Pent-up demand may have saved the top line — and tight inventory controls the bottom line — for retailers reporting crucial December comparable-store sales results on Thursday.
Despite snowstorms and more consumers who delayed shopping as they waited for markdowns, most retailers either met or exceeded holiday sales and margin plans, said analysts, who forecast comps would be slightly up or flat compared with the previous year’s disastrous results.
SpendingPulse, an information service provided by MasterCard Advisors that estimates total U.S. retail sales by cash, check or credit card, said jewelry and luxury ended the month strongly, up 6.9 percent and 5.5 percent, respectively. Specialty apparel retail declined 1.8 percent, but improved compared with a 5.7 percent decline in November and an 8.9 percent decrease in December 2008.
Online sales were up 17.7 percent for December over last year, according to MasterCard. Last week, comScore put the increase in online sales for holiday at 4.9 percent, to $27.12 billion.
“Apparel continues to struggle,” said Kamalesh Rao, MasterCard Advisors SpendingPulse director of economic research, adding that consumers still spent more per store visit this holiday than last year.
In the last six months, consumers have started spending more on average, Rao said, noting that, for apparel, this “reversal” began in October.
“The consumer does not seem to be trading down as much anymore,” Rao said. “Consumers are a little more comfortable with discretionary spending. The numbers we are seeing now are sort of a best-case scenario given the weak employment figures.”
Michael Niemira, director of research and chief economist at the International Council of Shopping Centers, said sales after Christmas “were boosted by consumers redeeming their gift cards. Holiday sales were late in coming, but showed healthy gains as the season wrapped up.”
Sales rose 1.5 percent for the week ended Jan. 2, according to the ICSC, December retail sales are expected to finish up 2.5 percent. The trade group previously forecast a 1 percent to 2 percent rise.
In the midst of the economic meltdown, retail sales sank 5.6 percent during holiday 2008 as stores cut prices by as much as 70 percent or more, making it the worst holiday season in more than 40 years, the ICSC said. Unlike the previous year, retailers in 2009 were able to manage their inventories and limit their markdown exposure.
“While we don’t think there will [be] an overwhelming number of upside revenue surprises, we expect numerous upward earnings revisions driven by solid margins and enough of a sales recovery in the final two weeks of the month,” said Lazard Capital Markets retail analyst Todd Slater.
Notwithstanding easy comparisons versus December 2008 and the third quarter, Slater said he remained “concerned about the fragility of the consumer amid rising costs and decreasing disposable incomes.”
“Unemployment remains high, consumer confidence is low, while prices for consumables, energy and consumer credit will all edge higher,” he said.
Breen Murray, Carret & Co. specialty retail analyst Eric Beder said “rising inventories and expectations for 2010” are other concerns.

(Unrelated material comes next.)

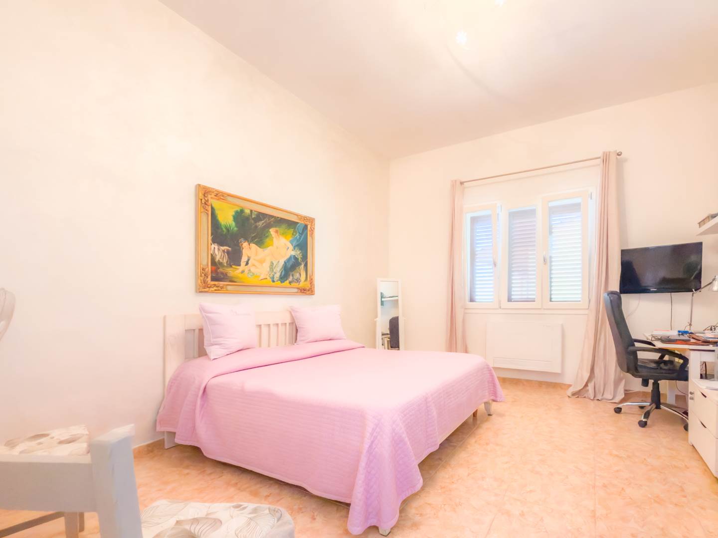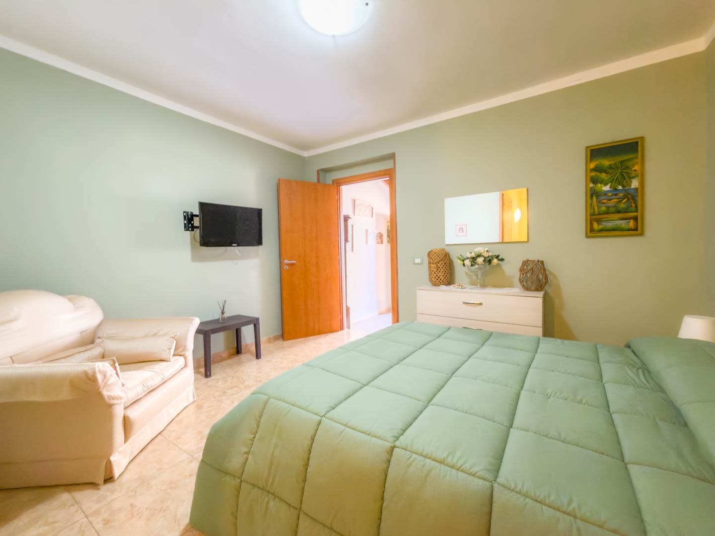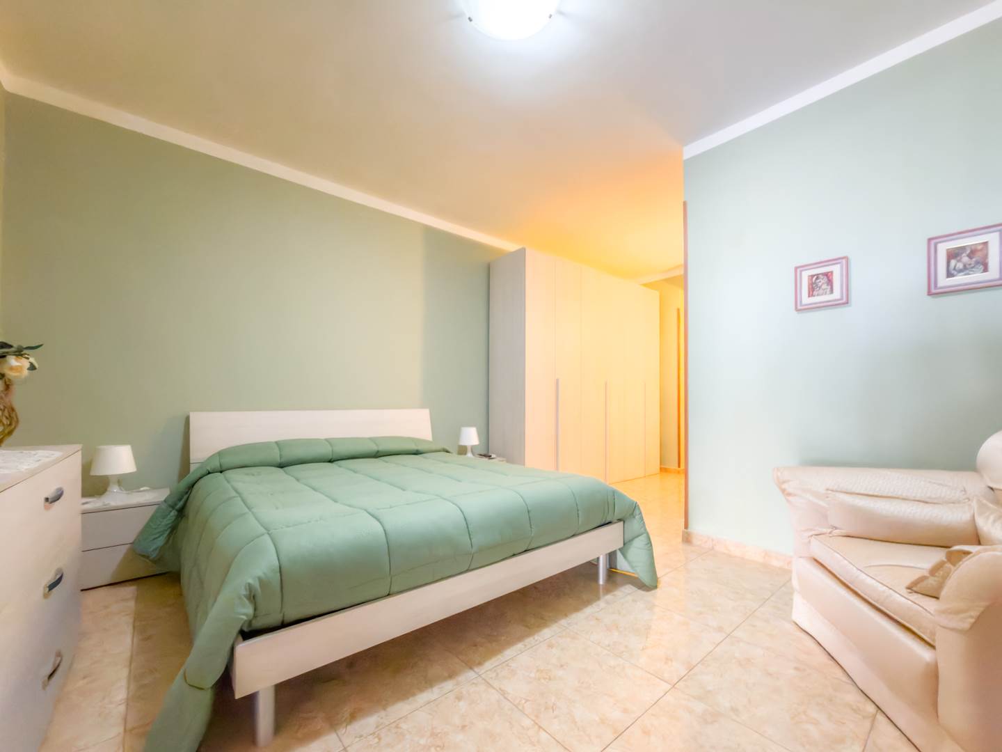 Proseguendo nella zona più riservata della casa, il secondo disimpegno conduce alla seconda camera da letto con bagno en suite dotato di vasca, soluzione che assicura comfort e autonomia. Sul lato opposto si sviluppa la terza camera, anch’essa ampia e regolare nelle dimensioni.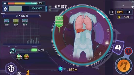 在游戏中,玩家要扮演一位救死扶伤的肿瘤医生,游戏提供了多个真实的生化指标,玩家要在患者的体力、免疫力和消灭肿瘤三者之间不断平衡。

“Blizzards, lower inventories, customers waiting to the bitter end for the best deals — holiday 2009 was a study in contrasts,” he said. “At the end of the day, we believe overall results will be only slightly better than last year for retailers. Given how terrible last year was, the tepid top-line results should be viewed as another round of mediocrity in what has been a year of mediocre results.”
Sticking with forecasts of a low-single-digit decline in holiday comps, with the week after Christmas helping to “save the overall holiday,” FBR Capital Markets retail analyst Adrienne Tennant said, “Planned promotions, lean inventories and cooler weather all contributed to what we believe will be stronger-than-expected December comps.”
Tight inventories helped retailers stay on track, avoiding what Tennant called “last year’s fire-sale prices,” but she said that post-Christmas, stores had returned to signage with discounts ranging from 50 percent to as much as 75 percent off. Nonetheless, the breadth of markdowns was “considerably lighter” than in 2008, she added.
Cold weather may have also been a mixed blessing for retailers, as many shoppers waited for unfavorable weather conditions to pass. Others, however, were compelled to buy bigger-ticket winter apparel. This could initiate a “revival” of the “replenishment cycle for ‘need-based’ shopping” as “cold weather is here to stay,” Tennant said.
Wedbush Securities analyst Betty Chen said a “higher portion of holiday sales likely shifted to the online channel” given the difficult weather.” Many consumers also “capitalized on post-Christmas discounts” that have become “increasingly important,” she said.
Craig Johnson, president of Customer Growth Partners, said the gap between lackluster economic data and better-than-expected holiday sales was predictable.
“This isn’t rocket science,” he said. “We had two or three years of pent-up demand, 18 months of an almost too healthy 4 to 5 percent savings rate, followed by an initial turnaround in the economy. We may have 17 percent underemployment, but for the 83 percent of consumers with full-time jobs, all it took was the spark of some Christmas season advertising to ignite this pent-up demand, and on-trend merchandise flew off the shelves — if it was priced right.”